Note: An important note is that the covariance between two PCs is zero.
4.6. MATLAB code
First, we load the data
set(0, 'DefaultTextFontSize',12)
set(0, 'DefaultAxesFontSize', 14)
load fisheriris
Z = zscore(meas);
Then, compute the PCA
[coefs,scores, lat] = pca(Z);
Correlogram:
for i=1:4
idx = 5*i-4;
subplot(4, 4, idx);
histogram(Z(:, i));
for j=1:4-i
subplot(4, 4, idx+j);
plot(Z(:, i), Z(:, i+j), 'o')
end
end
Plot the eigenvalues of the PCs
plot([1, 2, 3, 4],lat, '-o', 'linewidth', 2, 'Color', [0.8, 0.3, 0.3])
xticks([1, 2, 3, 4])
xticklabels({'PC1','PC2','PC3','PC4'})
ylabel('Eigenvalue')
xlabel('Principal component')
Biplot:
figure('Units','normalized','Position',[0.3 0.3 0.3 0.5])

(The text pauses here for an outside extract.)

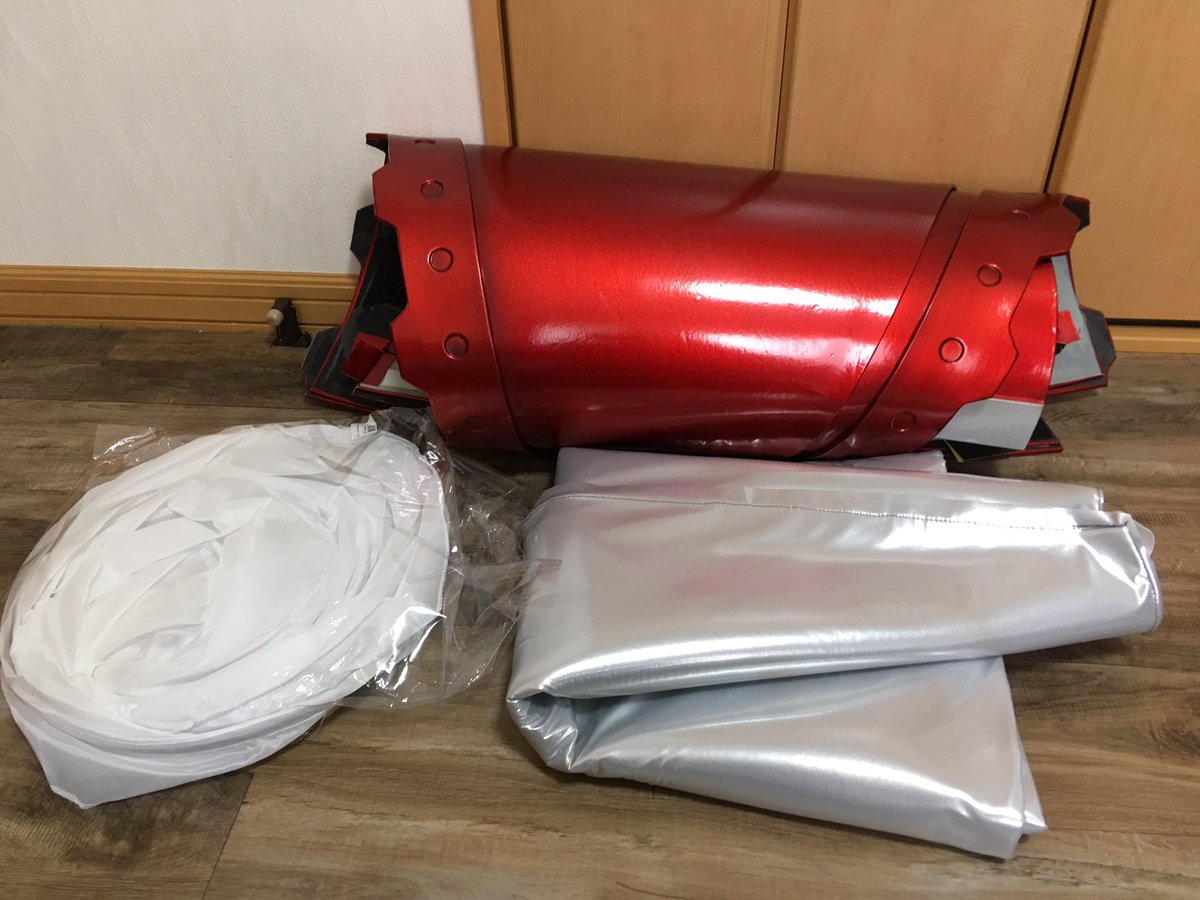 これね。スカートはバラして丸める。他の防具も開けるように。持ち運びが最優先なのでスカートはワイヤーパニエが骨格です。シルバー部分は裏地がカネフォームでハリをもたせてなんとか

variables = {'SepalLength','SepalWidth','PetalLength','PetalWidth'};
biplot(coefs(:,1:2),'Scores',scores(:,1:2),...
'VarLabels',variables,...
'Marker','o', 'linewidth', 1.5);
xlim([-1 1]); ylim([-1 1]);
5. Relationship to SVD
PCA is related to the singular value decomposition (SVD) of the data matrix $X$,
$$X = USV^\intercal.$$
We can see that
$$X^\intercal X = VS^\intercal U^\intercal U S V^\intercal = V(S^\intercal S) V^\intercal.$$
The matrix $S^\intercal S$ is square and diagonal and the columns of $V$ are the eigenvectors of $X^{\intercal} X$. This means that $V = W$ (the PCA transformation).
The PCs are given by
$$\widetilde{X} = XW = XV = US.$$
This is a form of polar decomposition of $X$.